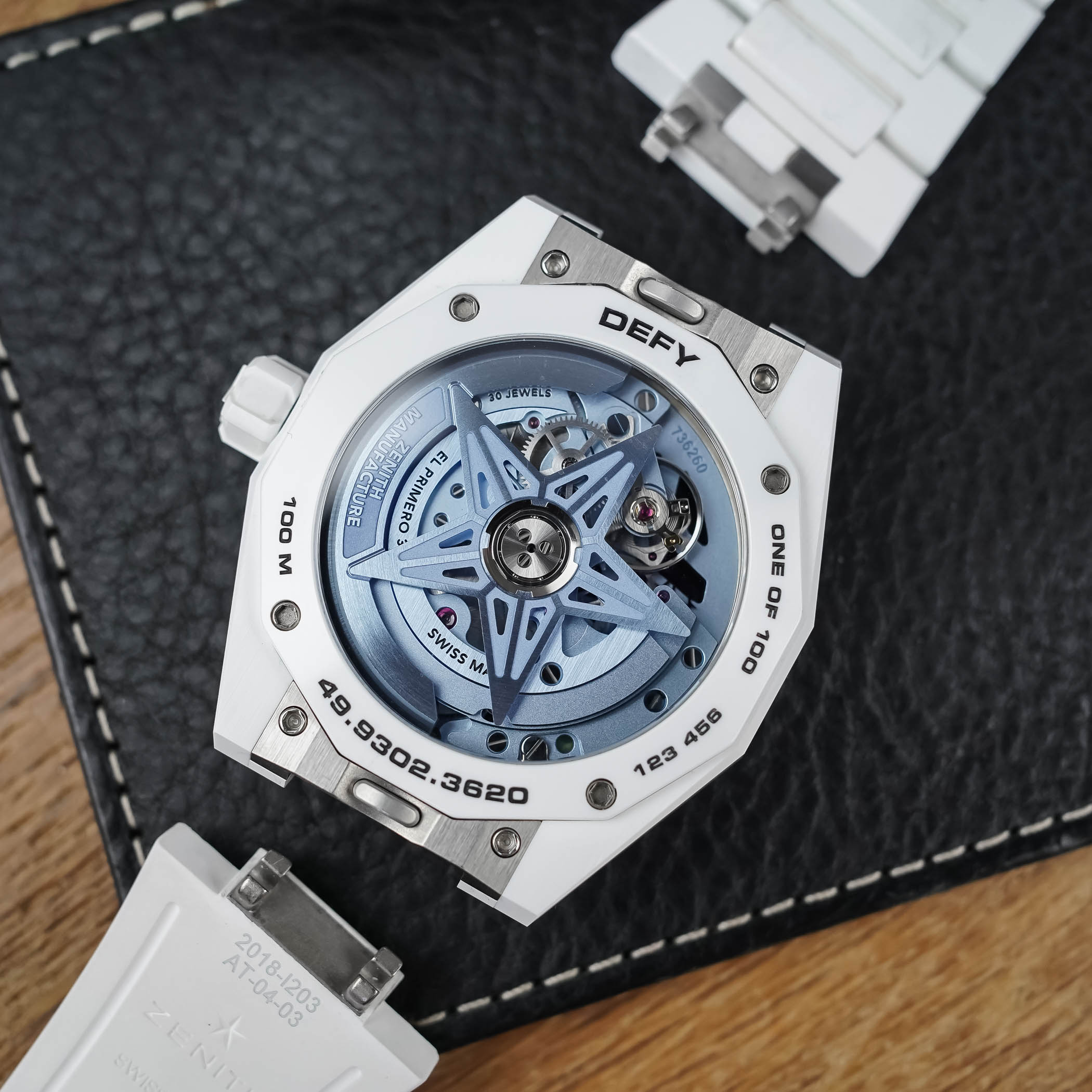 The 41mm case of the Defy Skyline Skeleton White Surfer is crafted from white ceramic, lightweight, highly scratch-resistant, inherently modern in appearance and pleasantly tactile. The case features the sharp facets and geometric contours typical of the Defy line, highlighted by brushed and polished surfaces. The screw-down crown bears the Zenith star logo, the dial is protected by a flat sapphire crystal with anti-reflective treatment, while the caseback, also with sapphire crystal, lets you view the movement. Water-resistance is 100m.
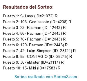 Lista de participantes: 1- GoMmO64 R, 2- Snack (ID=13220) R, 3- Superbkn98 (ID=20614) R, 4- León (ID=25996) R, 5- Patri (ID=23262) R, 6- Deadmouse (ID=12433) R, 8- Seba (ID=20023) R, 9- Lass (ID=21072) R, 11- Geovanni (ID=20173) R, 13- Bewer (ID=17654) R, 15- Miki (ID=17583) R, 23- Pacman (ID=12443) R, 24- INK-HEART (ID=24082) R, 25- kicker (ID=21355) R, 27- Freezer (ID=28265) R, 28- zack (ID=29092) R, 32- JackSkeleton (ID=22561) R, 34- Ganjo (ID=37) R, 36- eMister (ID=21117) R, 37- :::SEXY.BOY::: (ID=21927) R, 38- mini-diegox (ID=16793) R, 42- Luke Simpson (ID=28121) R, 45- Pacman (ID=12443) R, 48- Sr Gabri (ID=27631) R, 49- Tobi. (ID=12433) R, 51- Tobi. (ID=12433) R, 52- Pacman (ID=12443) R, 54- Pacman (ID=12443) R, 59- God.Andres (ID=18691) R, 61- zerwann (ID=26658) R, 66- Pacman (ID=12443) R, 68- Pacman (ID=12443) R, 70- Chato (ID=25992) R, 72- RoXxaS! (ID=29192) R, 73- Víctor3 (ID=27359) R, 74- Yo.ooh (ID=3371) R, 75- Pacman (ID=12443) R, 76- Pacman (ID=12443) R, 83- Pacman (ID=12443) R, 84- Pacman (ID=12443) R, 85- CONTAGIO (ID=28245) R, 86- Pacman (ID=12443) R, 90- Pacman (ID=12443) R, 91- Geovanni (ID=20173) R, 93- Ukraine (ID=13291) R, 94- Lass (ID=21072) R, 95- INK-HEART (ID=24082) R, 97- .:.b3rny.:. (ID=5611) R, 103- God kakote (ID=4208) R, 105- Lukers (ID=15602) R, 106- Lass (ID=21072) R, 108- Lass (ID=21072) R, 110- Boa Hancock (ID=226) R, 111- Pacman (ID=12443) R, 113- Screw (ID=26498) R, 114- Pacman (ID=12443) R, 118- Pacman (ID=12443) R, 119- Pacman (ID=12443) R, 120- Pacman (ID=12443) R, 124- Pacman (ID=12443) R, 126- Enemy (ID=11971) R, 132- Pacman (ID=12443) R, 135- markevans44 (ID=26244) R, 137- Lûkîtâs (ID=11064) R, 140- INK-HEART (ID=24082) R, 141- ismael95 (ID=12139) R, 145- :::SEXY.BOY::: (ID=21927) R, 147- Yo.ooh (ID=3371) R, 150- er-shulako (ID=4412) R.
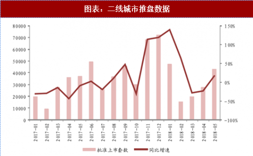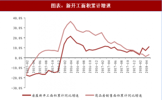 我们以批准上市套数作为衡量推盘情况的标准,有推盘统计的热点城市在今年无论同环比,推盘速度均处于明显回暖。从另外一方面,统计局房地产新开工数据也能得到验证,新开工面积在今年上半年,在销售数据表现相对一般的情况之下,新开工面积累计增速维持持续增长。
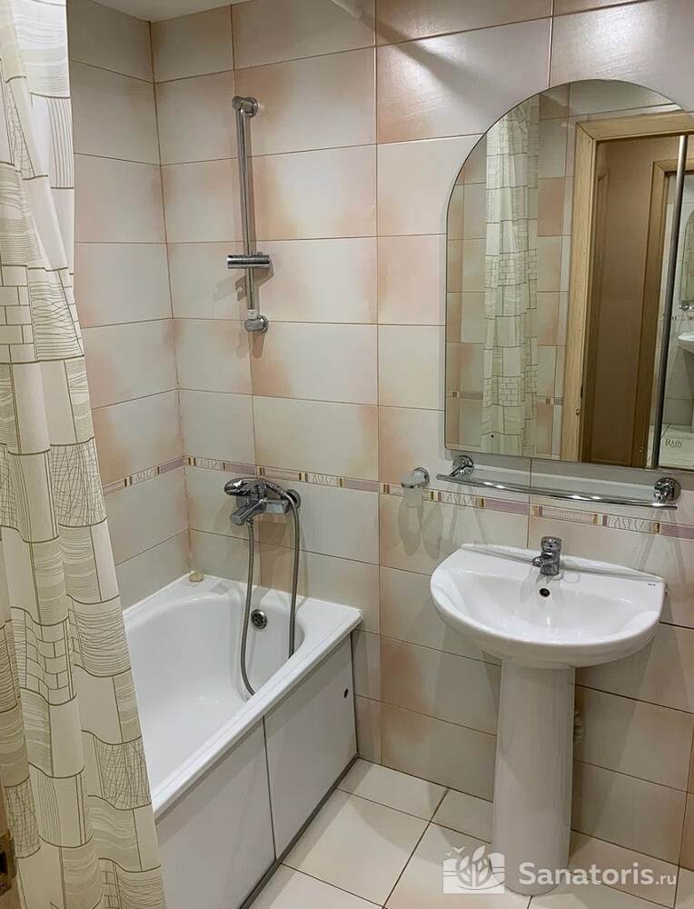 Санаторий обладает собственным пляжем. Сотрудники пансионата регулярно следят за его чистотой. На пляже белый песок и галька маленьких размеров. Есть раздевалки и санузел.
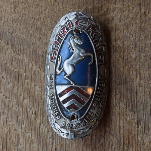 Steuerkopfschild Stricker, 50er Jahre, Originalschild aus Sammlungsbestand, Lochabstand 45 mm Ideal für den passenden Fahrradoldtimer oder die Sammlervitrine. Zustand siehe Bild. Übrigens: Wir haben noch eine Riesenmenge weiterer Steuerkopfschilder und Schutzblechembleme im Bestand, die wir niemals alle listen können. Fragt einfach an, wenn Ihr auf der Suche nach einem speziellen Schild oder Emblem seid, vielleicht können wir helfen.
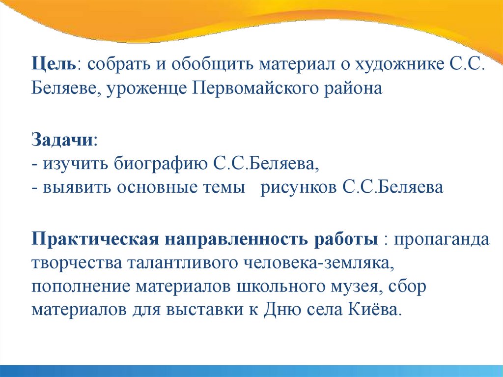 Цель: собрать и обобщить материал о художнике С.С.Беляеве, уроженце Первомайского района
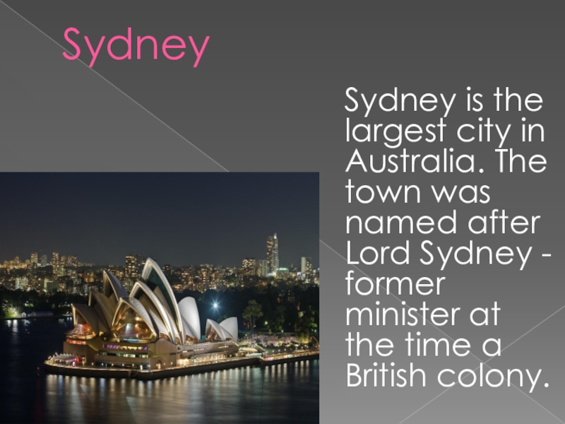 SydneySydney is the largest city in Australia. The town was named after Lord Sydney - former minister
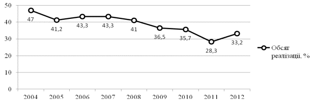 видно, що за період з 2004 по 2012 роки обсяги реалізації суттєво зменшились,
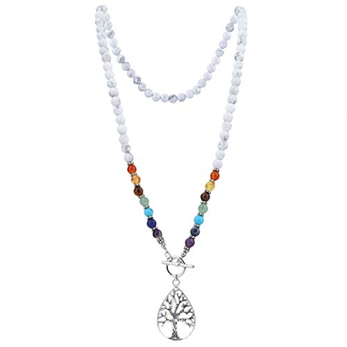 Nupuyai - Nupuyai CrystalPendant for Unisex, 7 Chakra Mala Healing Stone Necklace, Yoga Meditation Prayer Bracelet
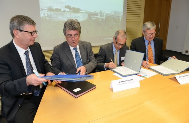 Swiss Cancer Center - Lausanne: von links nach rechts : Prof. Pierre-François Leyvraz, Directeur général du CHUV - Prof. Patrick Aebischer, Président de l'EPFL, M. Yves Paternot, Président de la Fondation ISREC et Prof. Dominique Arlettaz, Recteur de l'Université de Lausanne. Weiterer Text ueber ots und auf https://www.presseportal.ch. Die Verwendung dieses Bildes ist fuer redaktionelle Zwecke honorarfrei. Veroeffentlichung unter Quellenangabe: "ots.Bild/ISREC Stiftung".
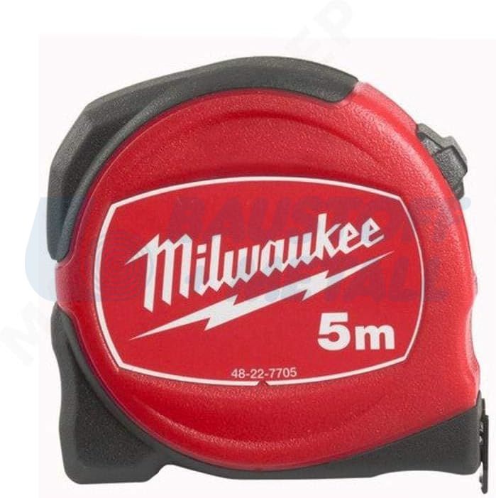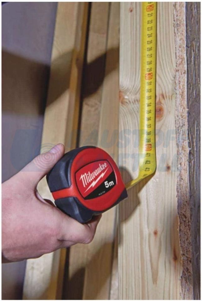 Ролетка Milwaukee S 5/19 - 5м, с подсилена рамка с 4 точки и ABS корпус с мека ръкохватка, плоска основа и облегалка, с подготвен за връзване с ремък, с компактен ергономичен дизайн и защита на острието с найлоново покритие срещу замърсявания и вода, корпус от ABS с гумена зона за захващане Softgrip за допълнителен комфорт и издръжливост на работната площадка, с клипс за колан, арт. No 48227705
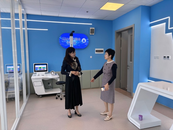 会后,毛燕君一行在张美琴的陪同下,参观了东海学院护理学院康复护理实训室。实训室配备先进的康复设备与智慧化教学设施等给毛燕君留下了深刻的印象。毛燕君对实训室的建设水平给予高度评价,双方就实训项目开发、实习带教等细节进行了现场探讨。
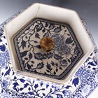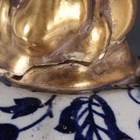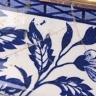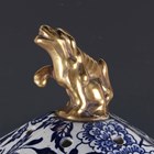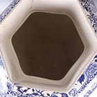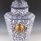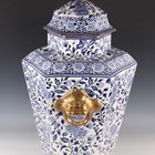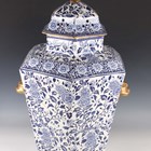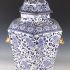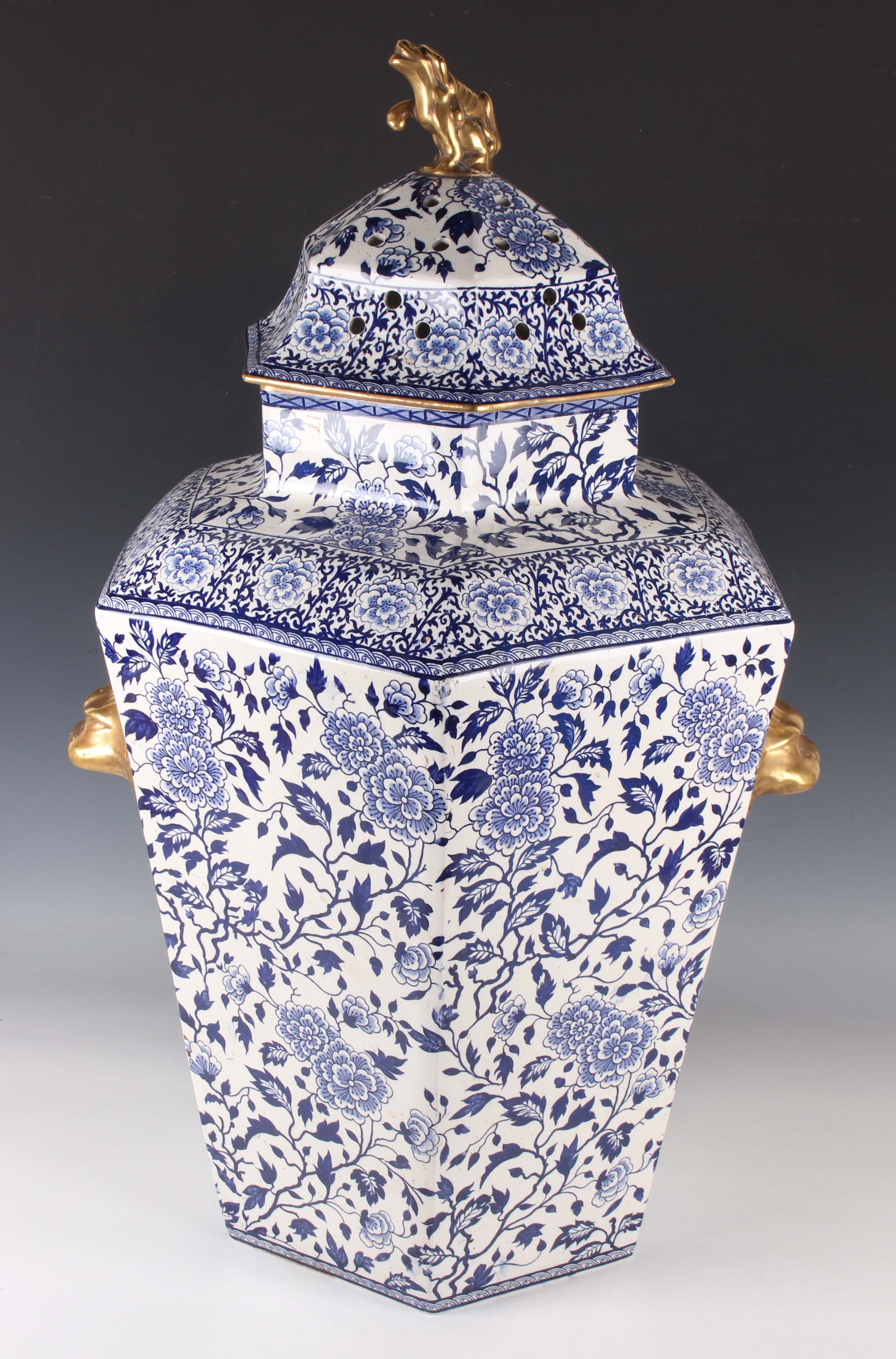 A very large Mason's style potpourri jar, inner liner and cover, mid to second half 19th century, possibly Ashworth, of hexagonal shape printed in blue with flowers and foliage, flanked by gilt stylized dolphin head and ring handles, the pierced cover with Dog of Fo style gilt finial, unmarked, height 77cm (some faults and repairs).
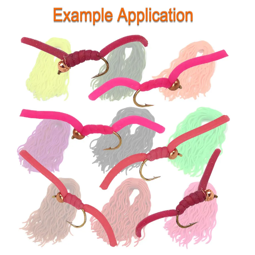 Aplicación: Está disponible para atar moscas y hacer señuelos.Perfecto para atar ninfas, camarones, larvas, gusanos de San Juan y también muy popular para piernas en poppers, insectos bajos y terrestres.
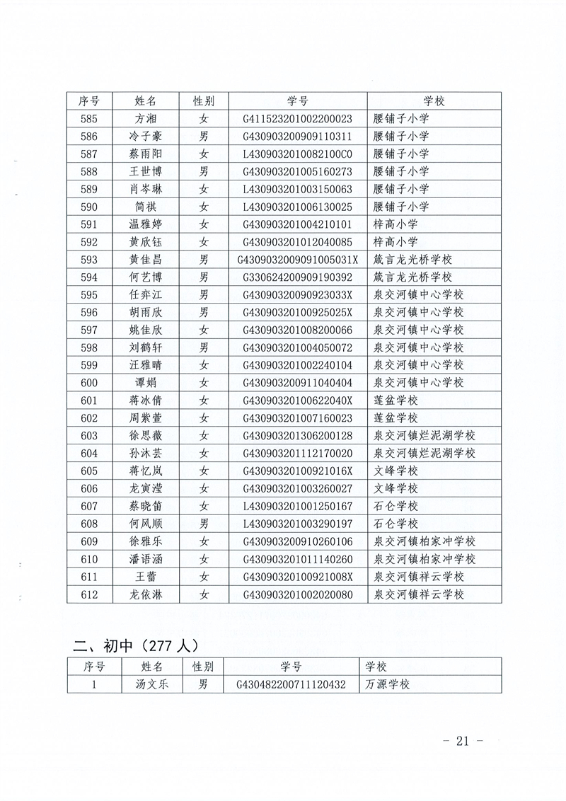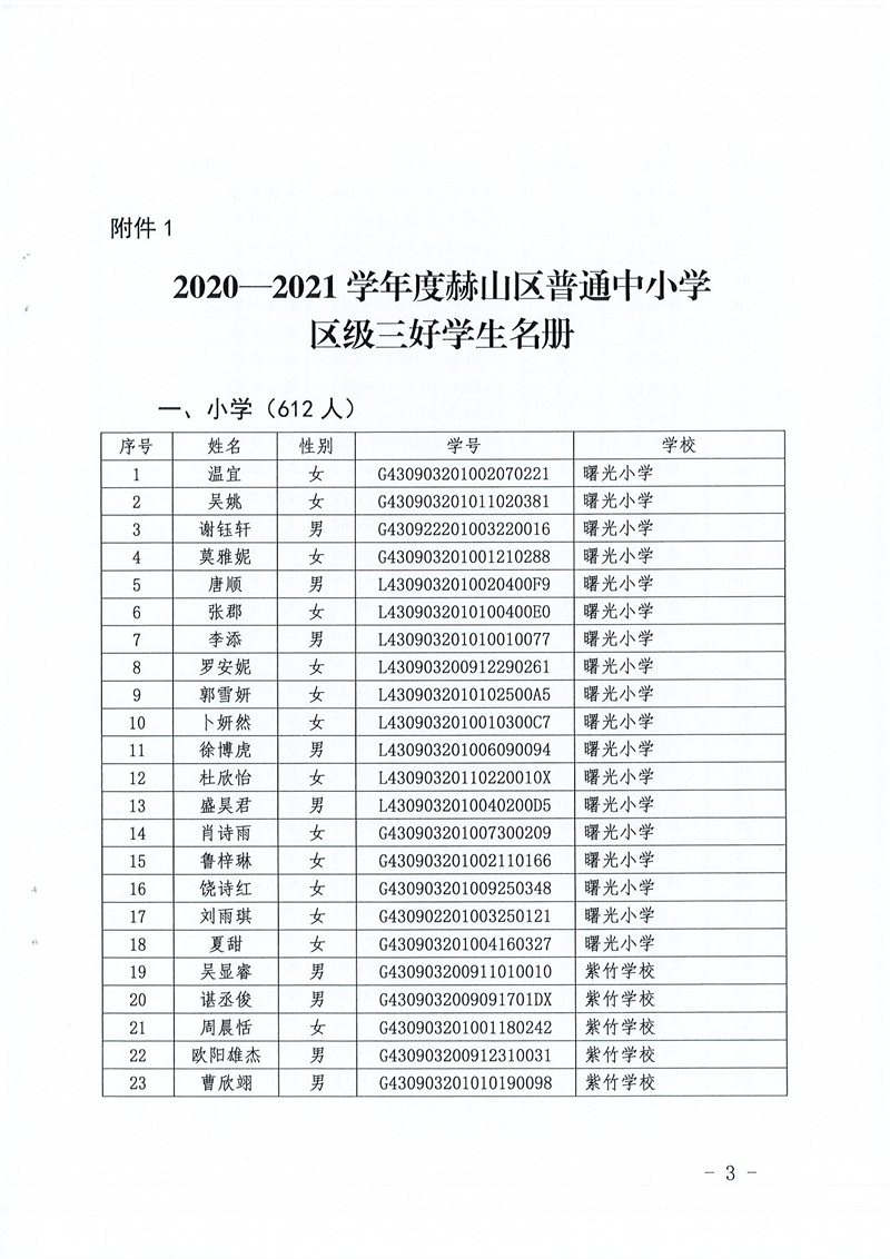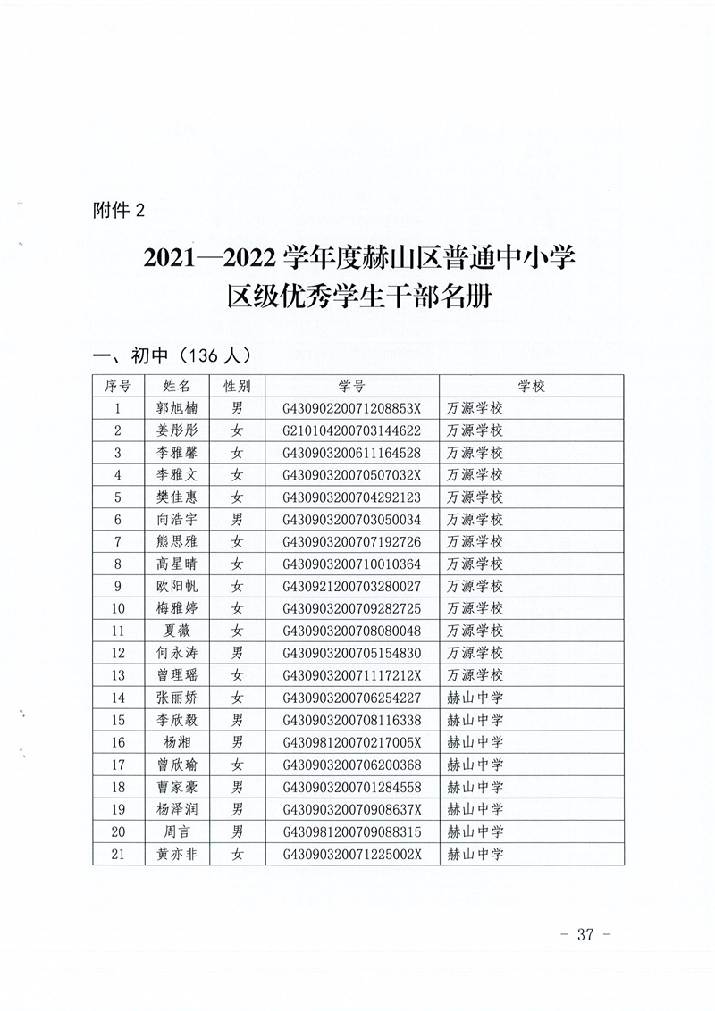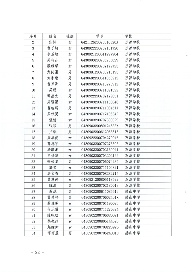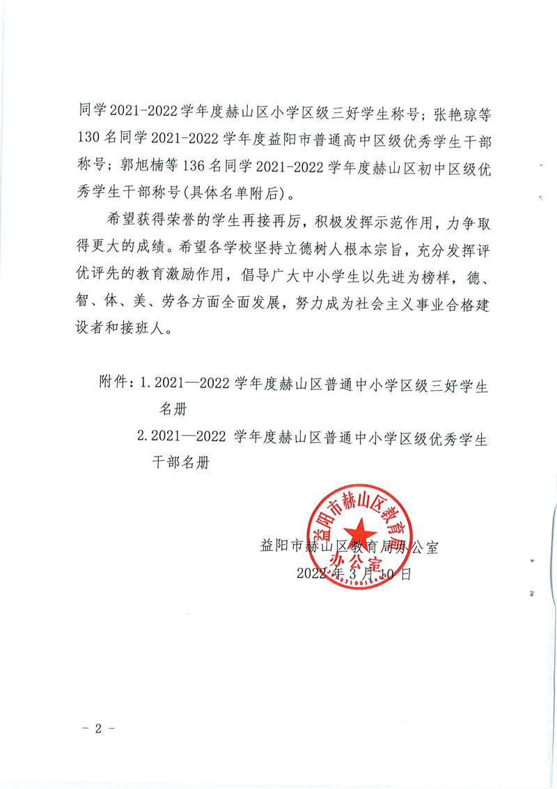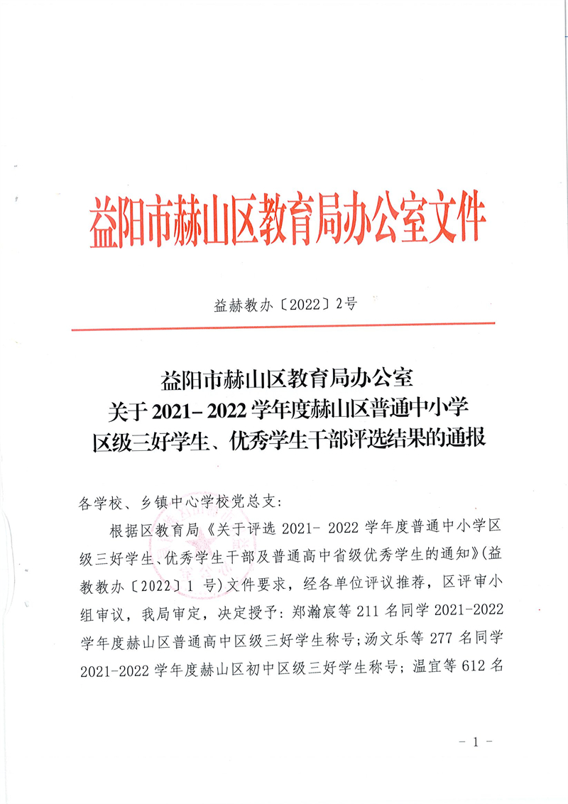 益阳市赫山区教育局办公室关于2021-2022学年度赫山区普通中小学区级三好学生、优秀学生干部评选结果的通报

+===+

__Task objective__
From the records above, copy only the lines running from the line containing "Ролетка Milwaukee S" to the line containing "会后,毛燕君一行在张美琴的陪", both ends included. Leave the pictures out.

__Task output__
 Ролетка Milwaukee S 5/19 - 5м, с подсилена рамка с 4 точки и ABS корпус с мека ръкохватка, плоска основа и облегалка, с подготвен за връзване с ремък, с компактен ергономичен дизайн и защита на острието с найлоново покритие срещу замърсявания и вода, корпус от ABS с гумена зона за захващане Softgrip за допълнителен комфорт и издръжливост на работната площадка, с клипс за колан, арт. No 48227705
 会后,毛燕君一行在张美琴的陪同下,参观了东海学院护理学院康复护理实训室。实训室配备先进的康复设备与智慧化教学设施等给毛燕君留下了深刻的印象。毛燕君对实训室的建设水平给予高度评价,双方就实训项目开发、实习带教等细节进行了现场探讨。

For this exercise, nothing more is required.